616. Add Bold Tag in String

Problem Statement

You are given a string s and an array of strings words. You should add a closed pair of bold tag <b> and </b> to wrap the substrings in s that exist in words. If two such substrings overlap, you should wrap them together by only one pair of closed bold tag. If two consecutive substrings are wrapped, you should combine them.

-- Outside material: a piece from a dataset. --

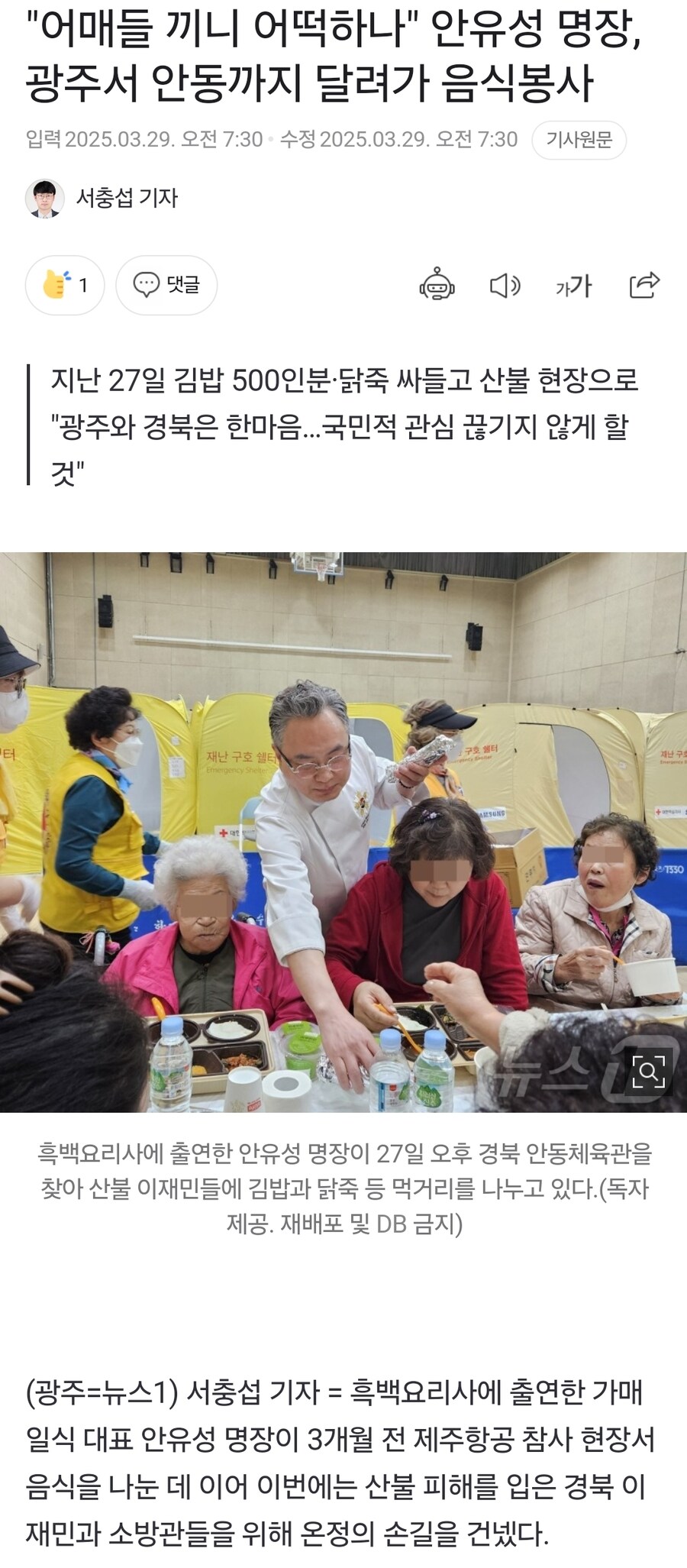 기회되면 저분이 운영하는 음식점 가보는것도 괜찮어 가격도좋고 맛남 농성역 근처에있음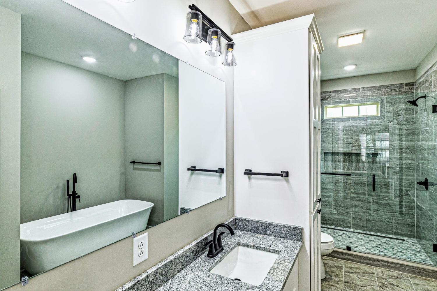 Welcome to this brand-new residence, beautifully perched on a hilltop. This thoughtfully laid-out home features three spacious bedrooms and three and a half modern bathrooms. The master suite is conveniently located on one side of the house, while the two additional bedrooms share a Jack and Jill bathroom on the opposite side, creating an ideal blend of comfort and privacy for you and your family. The master suite includes a large walk-in shower and a stylish standalone tub for your relaxation. The open floor plan creates a warm and inviting atmosphere, perfect for both entertaining and everyday living. You'll appreciate the generous closets that offer ample storage space, along with a large pantry to accommodate all your culinary needs. The full basement presents endless possibilities for customization—whether you envision a home gym, entertainment room, or additional living area. Enjoy the tranquility of secluded living while remaining conveniently close to local amenities. For those who enjoy the lake life, this home is conveniently located just minutes from Kentucky Lake, making it perfect for boating, water sports and fishing enthusiasts. Don’t miss your chance to make this beautiful space your own! Schedule a tour today.

Return s after adding the bold tags.

Examples

Example 1:

Input: s = "abcxyz123", words = ["abc","123"]
Output: "<b>abc</b>xyz<b>123</b>"

Example 2:

Input: s = "aaabbcc", words = ["aaa","aab","bc"]
Output: "<b>aaabbc</b>c"
Explanation: The substrings "aaa" and "aab" overlap, so they are wrapped together. Then "bc" is also wrapped, so the result is "<b>aaabbc</b>c".

Constraints

  • 1 <= s.length <= 1000
  • 0 <= words.length <= 100
  • 1 <= words[i].length <= 1000
  • s and words[i] consist of English letters and digits.
  • All the values of words are unique.

Clarification Questions

Before diving into the solution, here are 5 important clarifications and assumptions to discuss during an interview:

  1. Bold tag format: What is the bold tag format? (Assumption: <b>text</b> - wrap matching substrings with bold tags)

  2. Matching rules: What substrings should be bolded? (Assumption: All substrings in s that match any word in words array)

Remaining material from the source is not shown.